Dessin Eran Wolkowski
Begin, maigre et frêle après
avoir passé neuf mois dans une prison soviétique à Vilna, puis avoir été
transporté au camp de Pechora par train de marchandises sur 2 000 kilomètres, a
décrit la santé de son nouvel ami dans "Nuits blanches", un récit de
son arrestation et de son incarcération dans le camp de travail et le système
pénitentiaire soviétiques : "un mauvais cœur, une température élevée
constante et un pouls rapide". Les chances que l'un des deux
hommes sorte vivant du camp de travail forcé sont minces.
Le récit de la vie
de Garine e a laissé une profonde impression sur Begin ; ses paroles sont
restées gravées dans la mémoire de mon père. En effet, il a cité Garine dans
son livre de 1950 "La Révolte : L’histoire de l’Irgoun", et plus
tard, il a développé leur rencontre dans "Les Nuits blanches" Les nuits blanches: mes souvenirs
des camps soviétiques; traduit de l'anglais par Jacques Hermone et
Patricia Lerand, éditions Albatros, 1978),
où la description de la vie de Garine est citée en détail :
« Sais-tu quel âge j'avais lorsque j'ai
rejoint le Parti ? Je n'avais pas plus de 17 ans quand je suis devenu bolchevik
et que j'ai commencé à travailler pour la Révolution. Pendant la guerre civile,
j'étais dans la Garde rouge et j'ai pris part à de nombreuses batailles contre
les Blancs. J'ai été fait prisonnier. Les Blancs m'ont battu et torturé
horriblement, mais ils n'ont pas réussi à obtenir quoi que ce soit de moi...
Lorsque la guerre civile s'est terminée, on m'a confié diverses tâches au sein
du parti en Ukraine. J'étais encore jeune, mais je travaillais dur et me
consacrais corps et âme au Parti. Quelle époque ! Je travaillais pour le parti
et j'étudiais à l'université. Lorsque j'ai terminé mes études, on m'a confié
des postes encore plus élevés... J'ai travaillé pendant quelques années au
secrétariat du Parti en Ukraine. J'ai fini par en devenir le secrétaire
général. De ce poste, j'ai été transféré à un poste encore plus élevé. J'ai été
convoqué à Moscou et intégré à la rédaction de la Pravda. Je suis devenu
rédacteur en chef adjoint du journal du parti.

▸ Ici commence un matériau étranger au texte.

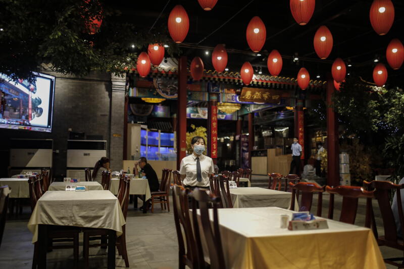 A waitress standing in a near-empty restaurant amid a wave of new Covid-19 cases in Beijing on June 20, 2020.
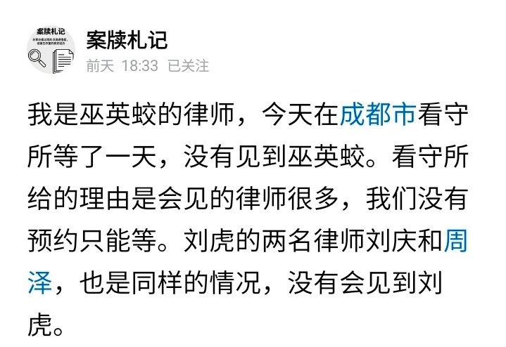 犯罪嫌疑人刘虎和巫英蛟的代理律师,昨天在成都市看守所等了一天,没有见到巫英蛟。看守所给的理由是会见的律师很多,巫英蛟没有预约只能等。刘虎的两名律师刘庆和周泽,也是同样的情况,没有会见到刘虎。法律明文规定最迟48个小时必须按排律师会见,等等…让时间飞一会儿我不是很懂法律,特地用ai搜了一下律师会见被拘留的嫌疑人是否要预约,答案是一般情况无需预约,但需按流程办理,这个比较好理解,就是出示各种证件委托书之类的,最迟48个小时按排…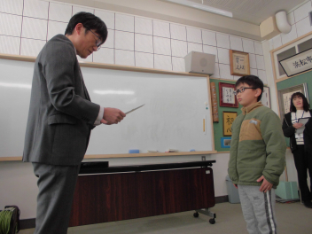 (↓) 会議室では、各学年第1位の子に賞状を手渡しました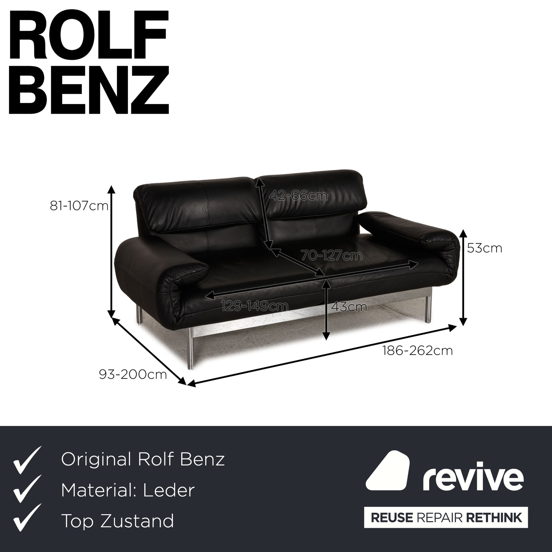 Rolf Benz Plura leather sofa black two-seater couch function relaxation function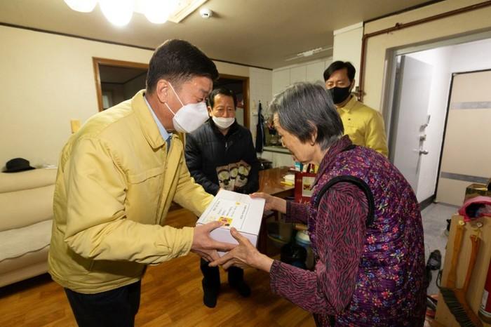 서울 은평구 응암1동 지역사회보장협의체는 최근 설날을 앞두고 홀몸노인 등을 위해 지역사회보장협의체 위원들이 회비와 찬조금으로 마련한 떡국떡과 사골곰탕 등 ‘설맞이 온정 꾸러미’를 직접 취약계층 20가정에 방문해 전달했다. 사진은 동 관계자들이 노인가구를 방문해 꾸러미를 전달하고 있는 모습. (사진제공=은평구청)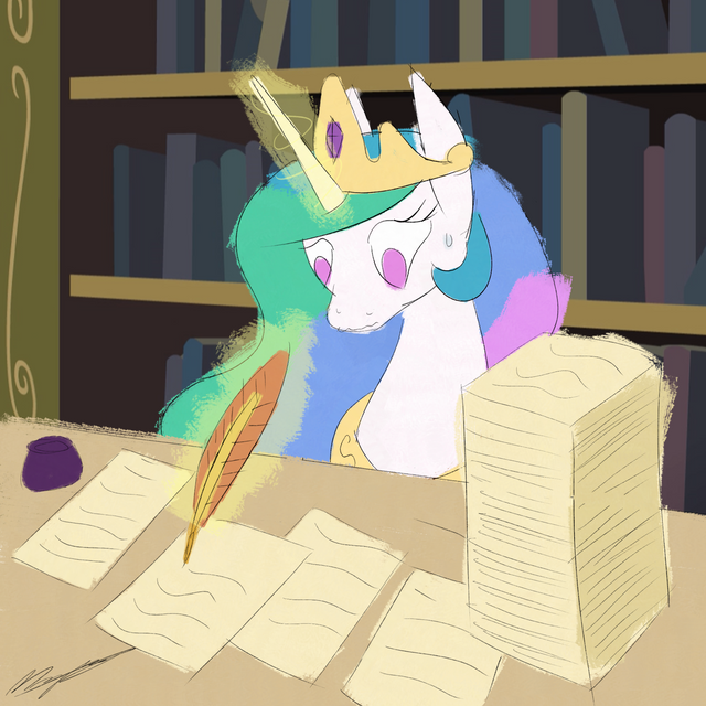 You know Celestia, there's this thing called a constitutional monarchy. You could force most of that paperwork on a bunch of elected and appointed bureaucrats.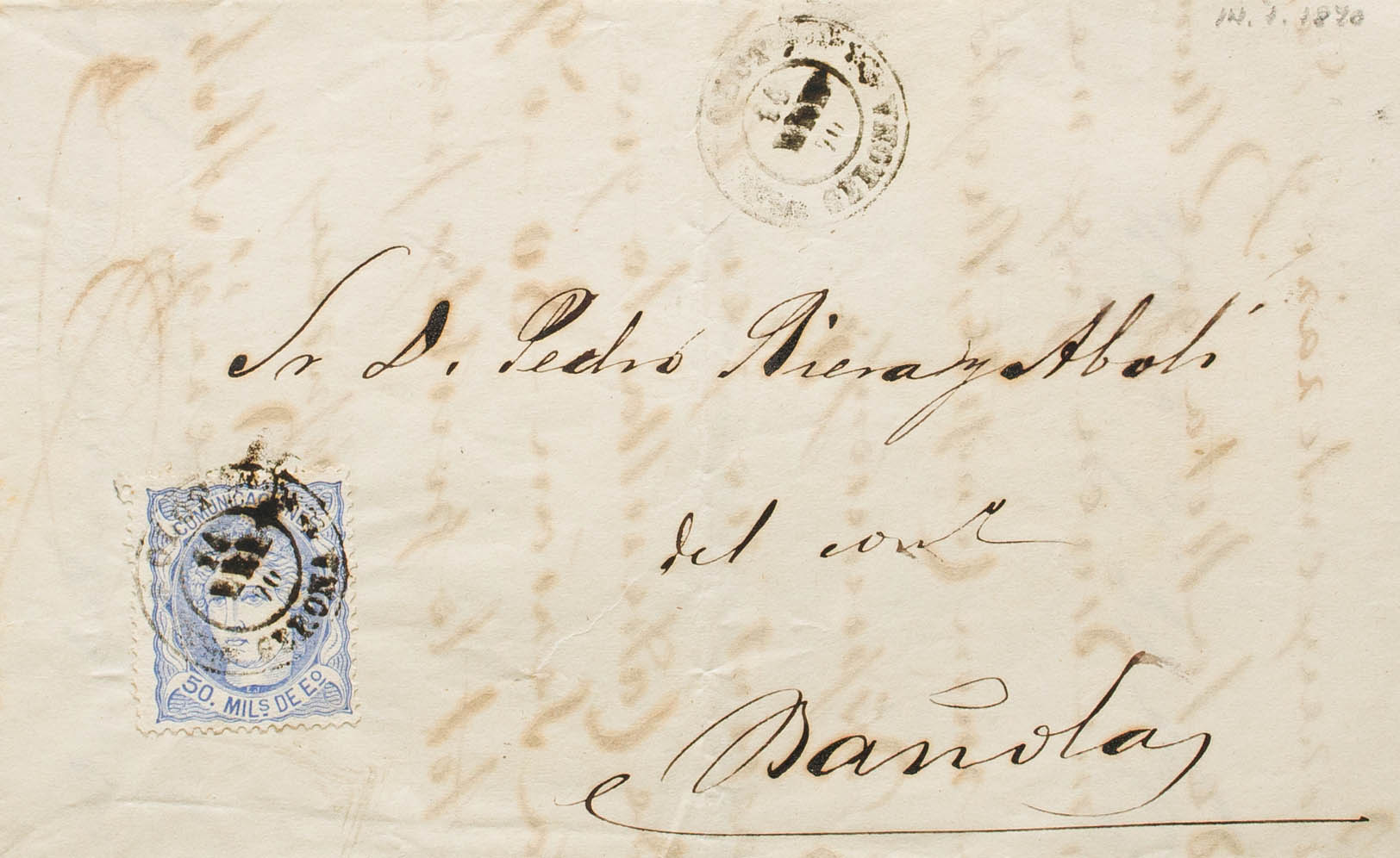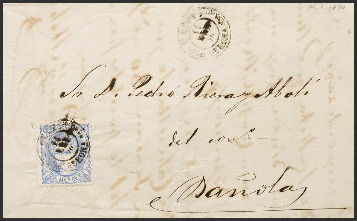 107. 1870. 50 mils overseas. OLOT to BAÑOLAS. Postmark OLOT / GERONA. MAGNIFICENT. Ex-Blight.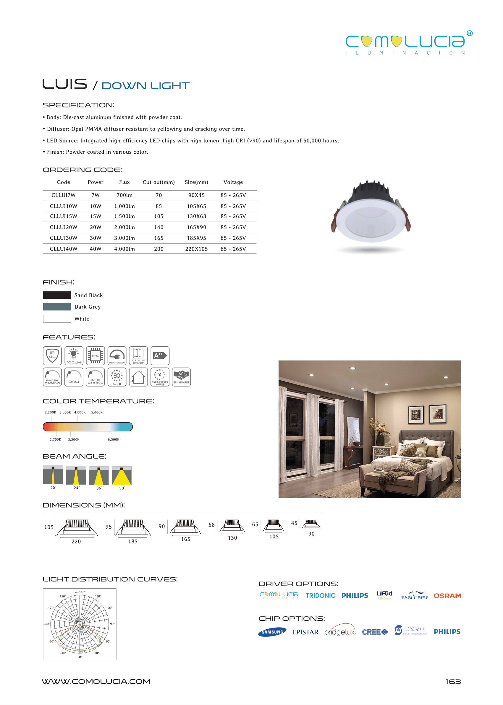 - LED Source: Integrated high-efficiency LED chips with high lumen, high CRI (>90) and lifespan of 50,000 hours.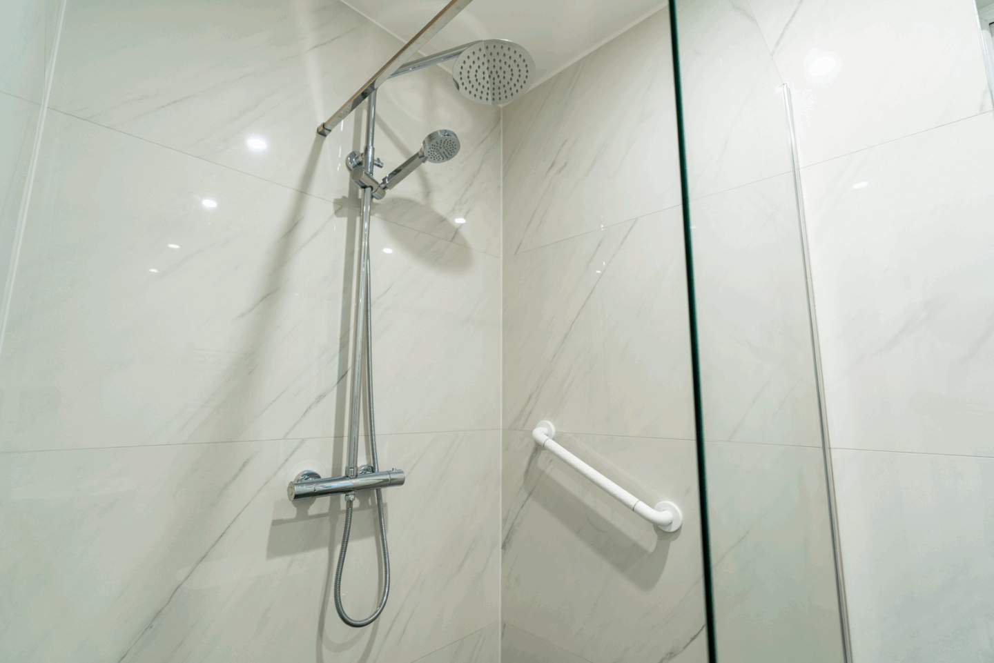 - Bathroom: Fully tiled wetroom with a glass panel shower, designed for elder accessibility with slip-resistant finishes and ergonomic fixtures.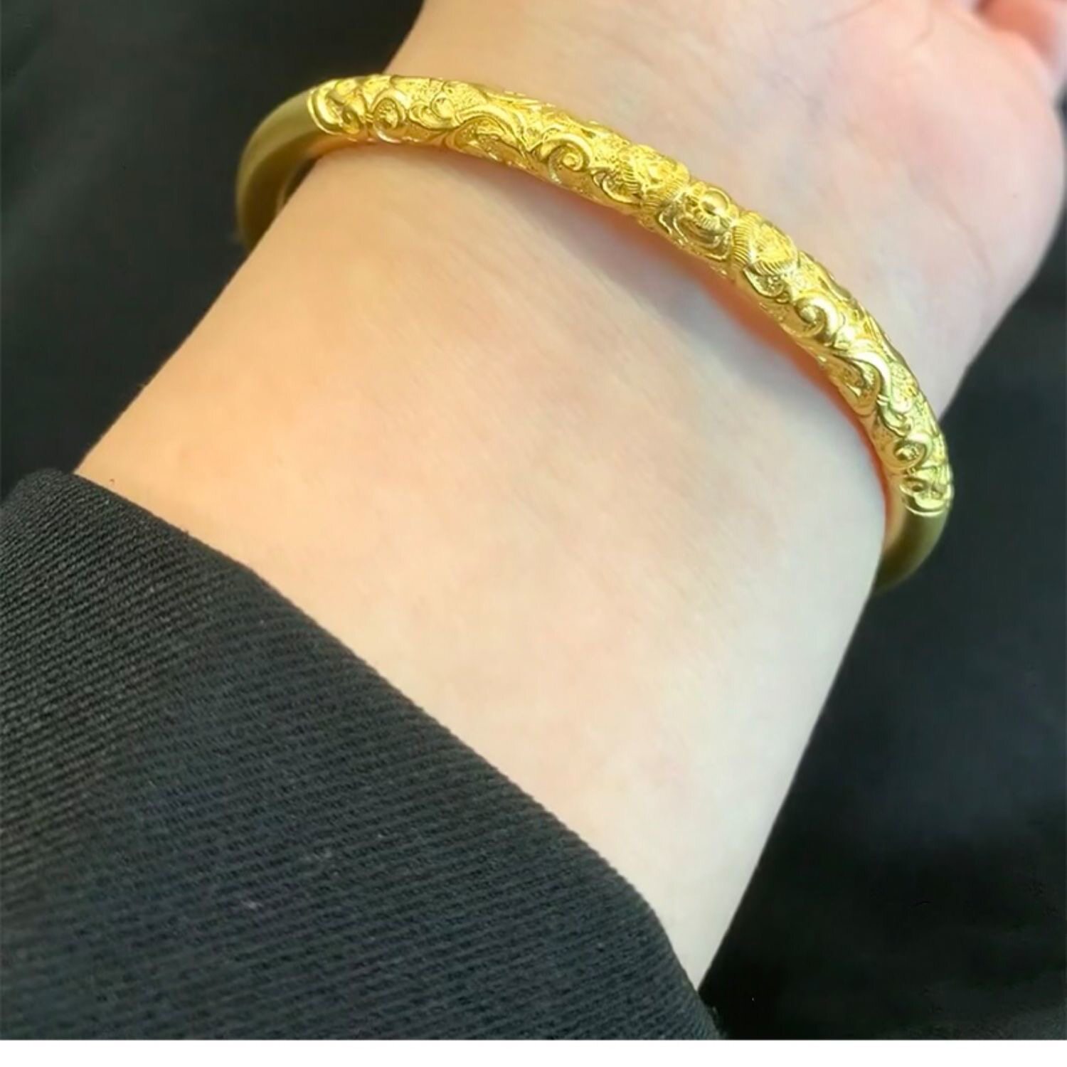古法黄金色卷草纹手镯仿真复古沙金素圈实心…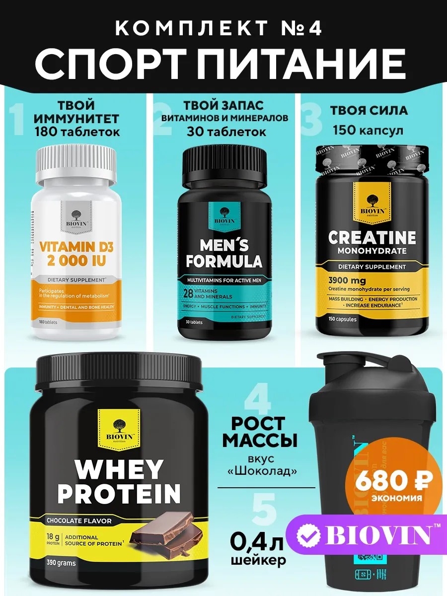 BIOVIN №4 спортивное питание Д3, витамины, креатин, протеин,шейкер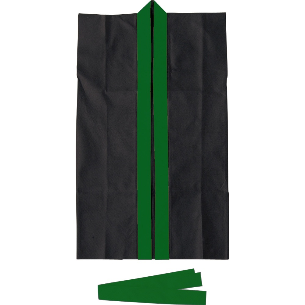 ロングハッピ不織布 黒(緑襟)S(ハチマキ付)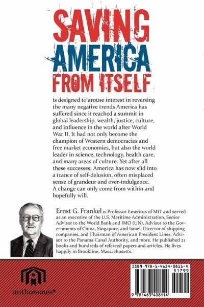 Saving America from Itself is designed to arouse interest in reversing the many negative trends America has suffered since it reached a summit in global leadership, wealth, justice, culture, and influence in the world after World War II. It had not only become the champion of Western democracies and free market economies, but also the world leader in science, technology, health care, and many areas of culture. Yet after all these successes, America has now slid into a trance of self-delusion, often misplaced sense of grandeur and over-indulgence. A change can only come from within and hopefully will.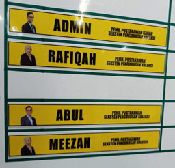 Design baru nama-nama staf beserta gambar dan jawatan dicetak, digunting dan di laminate.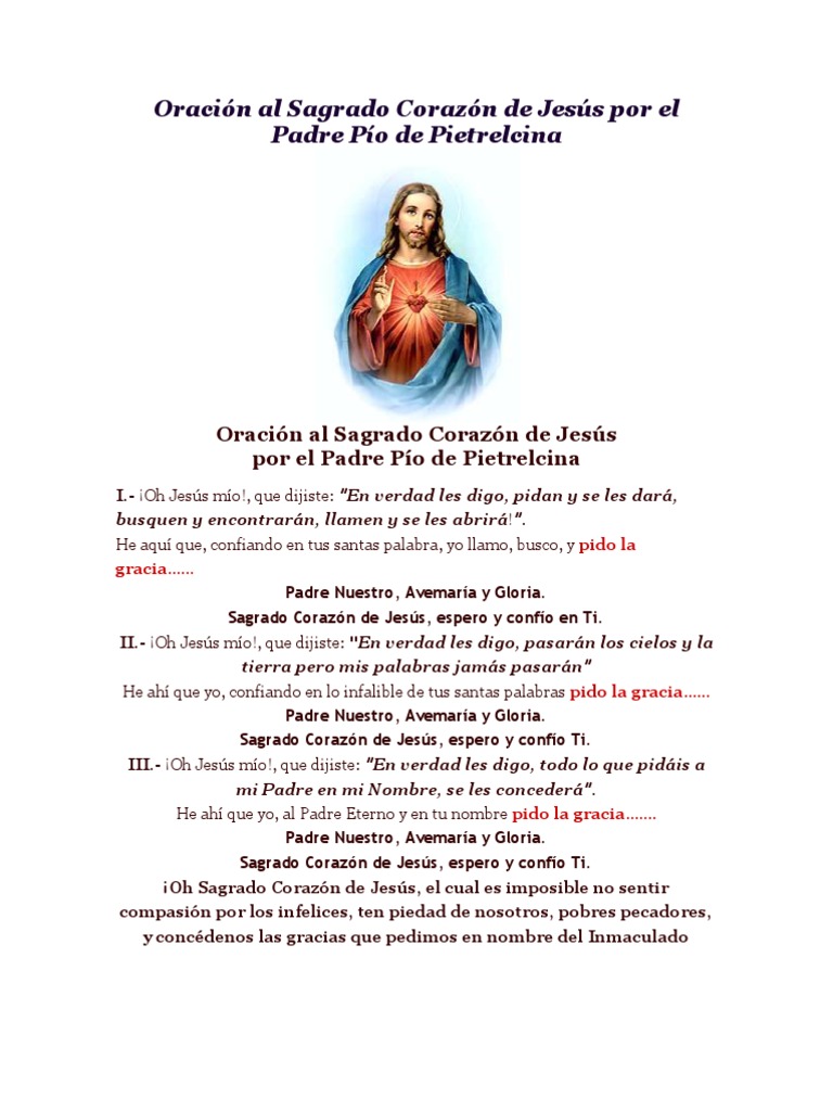 Oración Al Sagrado Corazón de Jesús Por El Padre Pío de ...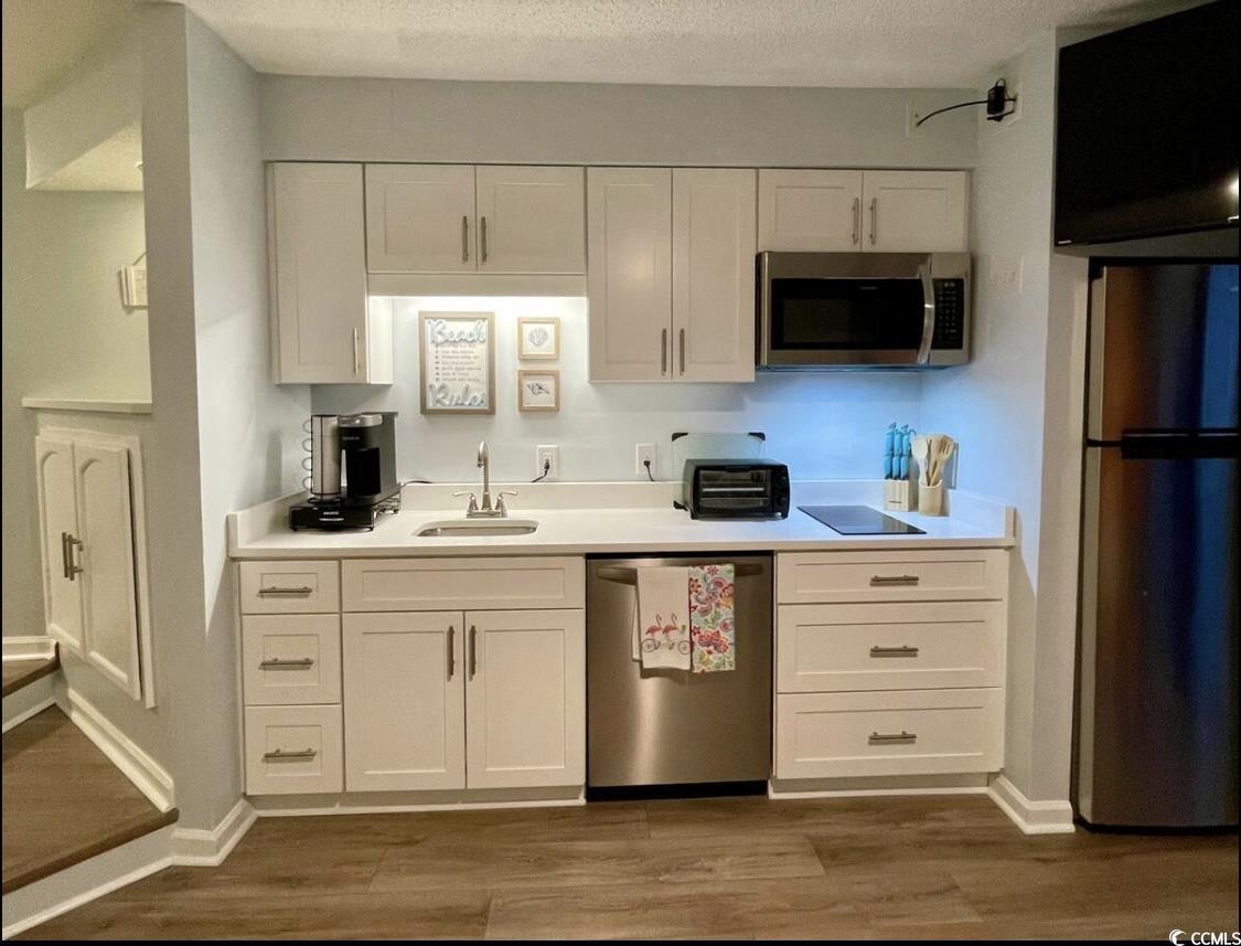 Golf Carts Allowed. Sought After First Floor Corner Unit Located At Whispering Sands. Located just steps across the Blvd to the beach. Take advantage of the public beach access across the street from the Whispering Sands parking lot. This 1 bedroom and 1 full bath condo has been updated throughout. Kitchen with quartz countertops, SS appliances: Cooktop, microwave oven, dishwasher, and refrigerator. Oversized bedroom with 2 queen beds. Updated flooring. The list goes on and on. After a fun day at the beach, relax by the outdoor pool. Beach life does't get any better.. The condo has a great pool view and whether you are looking for a place to call home or an investment property, this is it. Short term rentals are allowed. The condo is sold furnished and turn key ready for the 2025 rental season. See attachments for complete list of updates. Walk to the Garden City Pier, several restaurants, ice cream store, and shops along the ""Boulevard"". This one checks all the boxes...!!!!

Mikhaïl Davydovitch Garine et sa femme Alexandra
Zakharovna Vasilyeva (1902-1938) vers 1921, date de leur mariage. Elle a laissé
des mémoires en deux tomes, Punis sans
culpabilité et Et les tulipes
poussent sur les pierres
« En 1937, l'année où ils
sont devenus fous, ma femme a été arrêtée. Je ne t’ai pas parlé de ma femme.
Nous nous sommes rencontrés alors que nous étions tous deux étudiants. Ma femme
était aussi membre du parti, et un membre très actif. Ma femme n'est pas juive,
mais quelle différence cela fait-il ? Notre vie de famille était merveilleuse.
Nous avons eu un fils et une fille. Ma femme m'aidait dans mon travail, et je
l'aidais. Son principal intérêt était la science. Dans son travail
scientifique, elle allait de succès en succès. Elle est devenue maître de
conférences à l'université, puis à l'Institut Krasni Professori [Institut du
professorat rouge]... Et tout à coup, en 1937, elle a été arrêtée...
l'interrogateur l'avait accusée de trotskisme et avait exigé des aveux. Elle
n'a pas avoué. Elle n'avait jamais été trotskyste ».